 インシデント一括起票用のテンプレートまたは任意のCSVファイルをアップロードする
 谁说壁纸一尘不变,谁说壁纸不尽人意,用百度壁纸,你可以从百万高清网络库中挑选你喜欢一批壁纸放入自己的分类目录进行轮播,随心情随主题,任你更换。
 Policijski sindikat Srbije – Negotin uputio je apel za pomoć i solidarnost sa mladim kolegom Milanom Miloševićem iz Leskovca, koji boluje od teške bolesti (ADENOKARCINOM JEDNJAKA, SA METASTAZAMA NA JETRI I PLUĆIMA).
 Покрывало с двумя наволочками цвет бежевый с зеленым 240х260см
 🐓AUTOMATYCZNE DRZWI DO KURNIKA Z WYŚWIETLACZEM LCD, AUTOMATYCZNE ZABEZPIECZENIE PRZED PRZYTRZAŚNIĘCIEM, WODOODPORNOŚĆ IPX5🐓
==
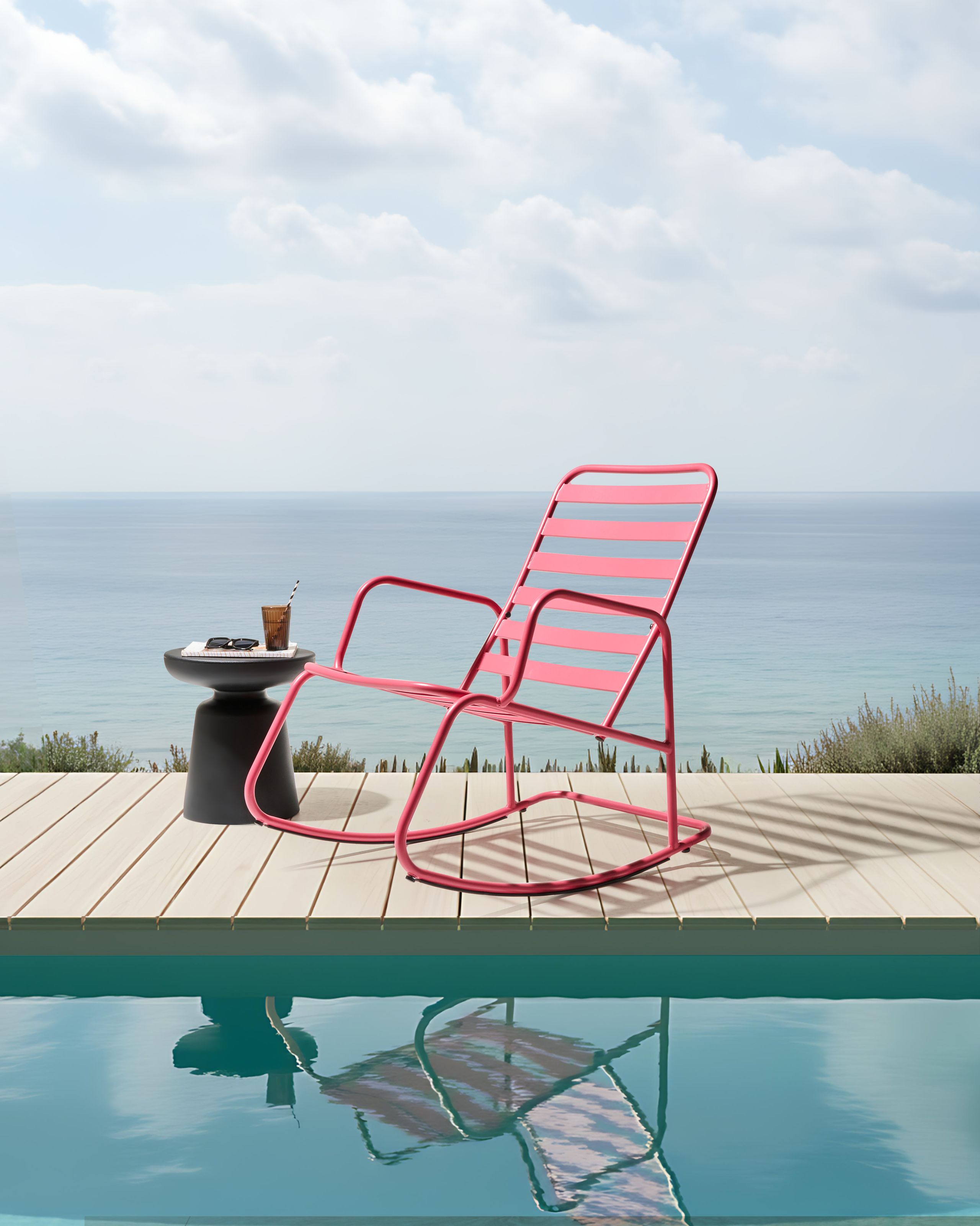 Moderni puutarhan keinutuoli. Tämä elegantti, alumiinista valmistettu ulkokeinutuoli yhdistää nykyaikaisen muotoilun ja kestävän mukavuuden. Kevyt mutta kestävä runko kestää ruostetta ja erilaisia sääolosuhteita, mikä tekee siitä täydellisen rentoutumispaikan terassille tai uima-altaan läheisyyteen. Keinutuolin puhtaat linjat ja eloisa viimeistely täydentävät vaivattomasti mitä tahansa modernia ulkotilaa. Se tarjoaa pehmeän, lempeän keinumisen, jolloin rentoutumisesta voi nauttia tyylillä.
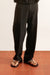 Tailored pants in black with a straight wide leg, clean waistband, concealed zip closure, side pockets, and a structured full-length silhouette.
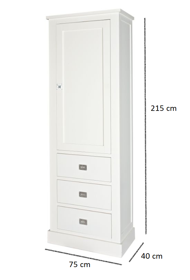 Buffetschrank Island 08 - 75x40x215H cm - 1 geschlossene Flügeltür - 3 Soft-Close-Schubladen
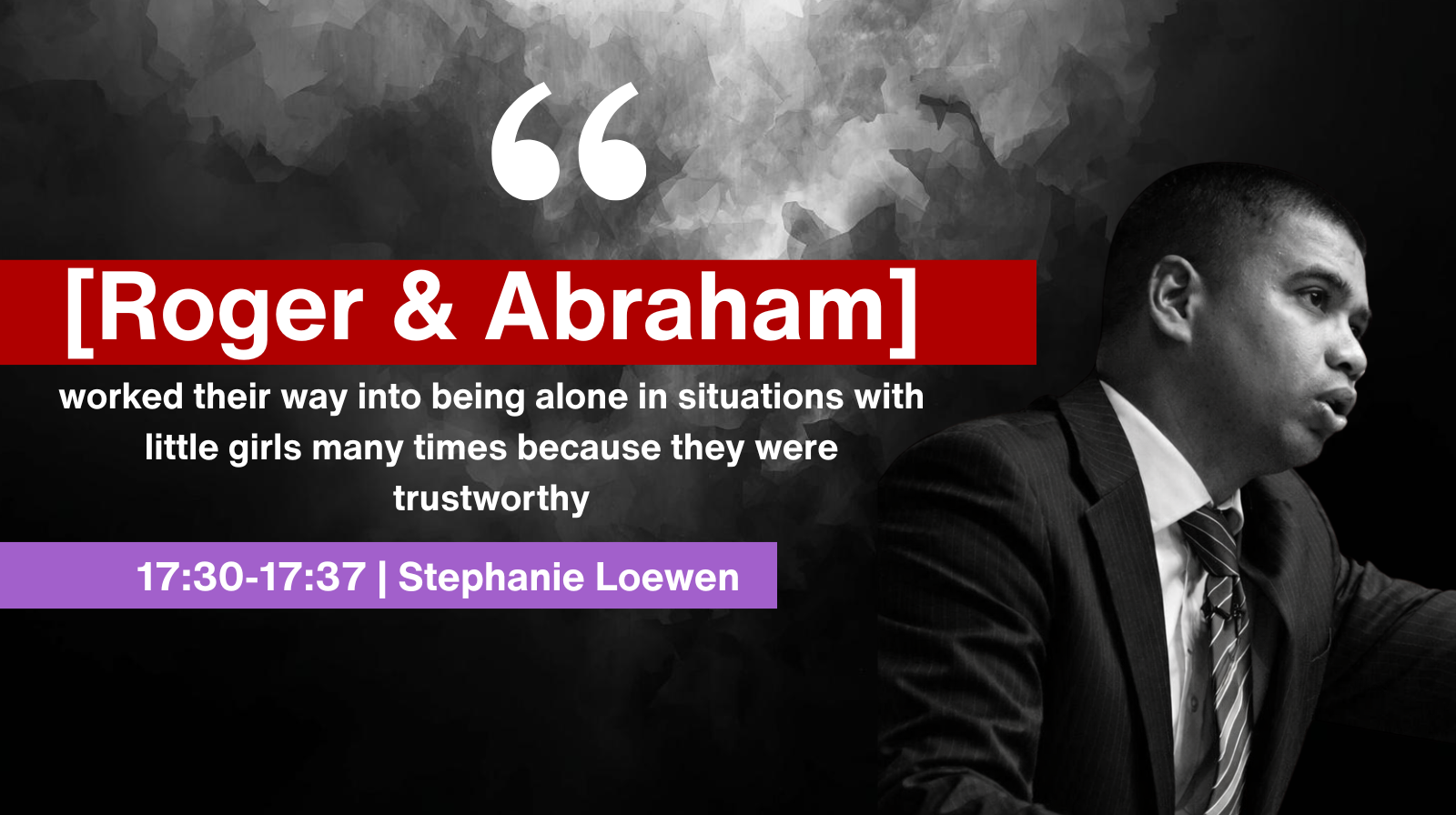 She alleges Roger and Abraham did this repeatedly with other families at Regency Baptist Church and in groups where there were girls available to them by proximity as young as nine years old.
---
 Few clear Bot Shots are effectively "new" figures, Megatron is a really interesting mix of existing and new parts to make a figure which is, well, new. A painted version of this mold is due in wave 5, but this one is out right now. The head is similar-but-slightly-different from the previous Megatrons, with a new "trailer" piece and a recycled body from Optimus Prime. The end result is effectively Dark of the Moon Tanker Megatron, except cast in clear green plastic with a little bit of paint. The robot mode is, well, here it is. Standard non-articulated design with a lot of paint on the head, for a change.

ABOUT THIS EXERCISE. What you return must be the lines above that run from the line with "Покрывало с двумя" to the line with "PRZYTRZAŚNIĘCIEM, WODOODPORNOŚĆ IPX5🐓", inclusive, each copied exactly.

ANSWER BOX.
 Покрывало с двумя наволочками цвет бежевый с зеленым 240х260см
 🐓AUTOMATYCZNE DRZWI DO KURNIKA Z WYŚWIETLACZEM LCD, AUTOMATYCZNE ZABEZPIECZENIE PRZED PRZYTRZAŚNIĘCIEM, WODOODPORNOŚĆ IPX5🐓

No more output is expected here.